## COLLECTED MATERIAL:
+ + + +
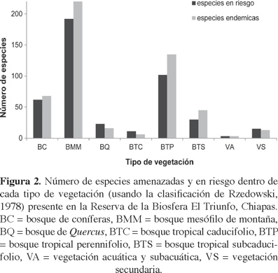 El bosque mesófilo de montaña es el tipo de vegetación más importante por el número de especies endémicas y en riesgo de la REBITRI. Esto tiene sus implicaciones en la conservación de las especies listadas, principalmente porque aproximadamente 43% de las endémicas y en riesgo han sido reportados de este tipo de vegetación y 35% del total tienen como única referencia este ecosistema. Esto resalta la importancia de este ecosistema por su enorme riqueza de especies endémicas y en riesgo, y en general de una alta biodiversidad que ha sido reconocido para los bosques mesófilo montaña de México (Rzedowski, 1996; Luna-Vega et al., 2001; González-Espinosa et al., 2011).
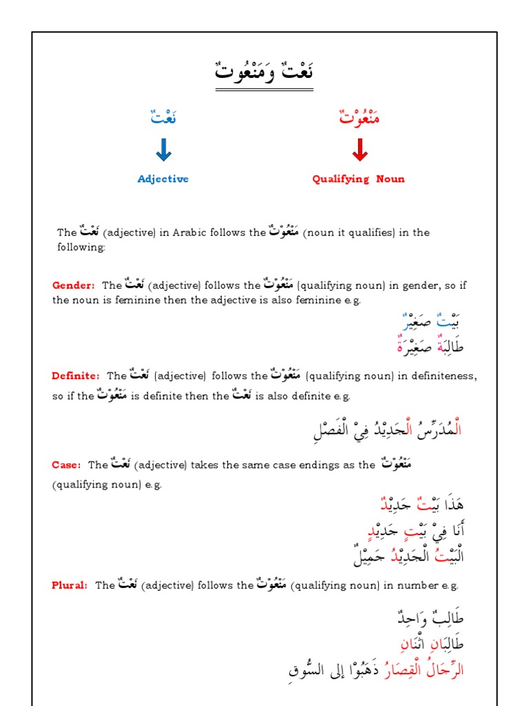 Arabic Grammar Adjectives In Arabic Softarabic Com
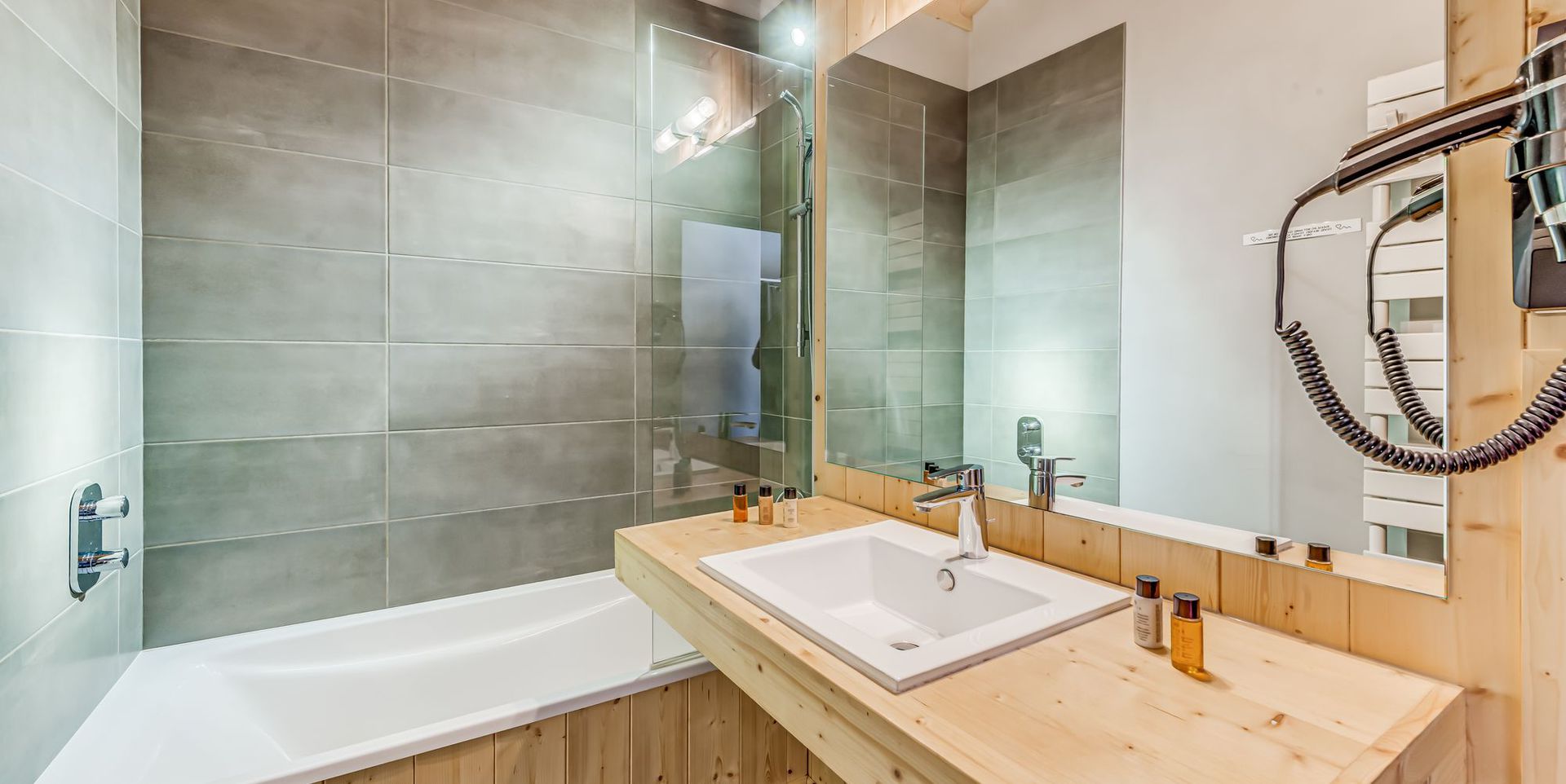 Salle de bains avec baignoire - Meuble vasque - Radiateur Seche serviettes
+ + + +
## HOW TO COMPLETE THIS TASK:
All of the data is to be reproduced exactly, with the pictures left out.

## WRITTEN RESPONSE:
 El bosque mesófilo de montaña es el tipo de vegetación más importante por el número de especies endémicas y en riesgo de la REBITRI. Esto tiene sus implicaciones en la conservación de las especies listadas, principalmente porque aproximadamente 43% de las endémicas y en riesgo han sido reportados de este tipo de vegetación y 35% del total tienen como única referencia este ecosistema. Esto resalta la importancia de este ecosistema por su enorme riqueza de especies endémicas y en riesgo, y en general de una alta biodiversidad que ha sido reconocido para los bosques mesófilo montaña de México (Rzedowski, 1996; Luna-Vega et al., 2001; González-Espinosa et al., 2011).
 Arabic Grammar Adjectives In Arabic Softarabic Com
 Salle de bains avec baignoire - Meuble vasque - Radiateur Seche serviettes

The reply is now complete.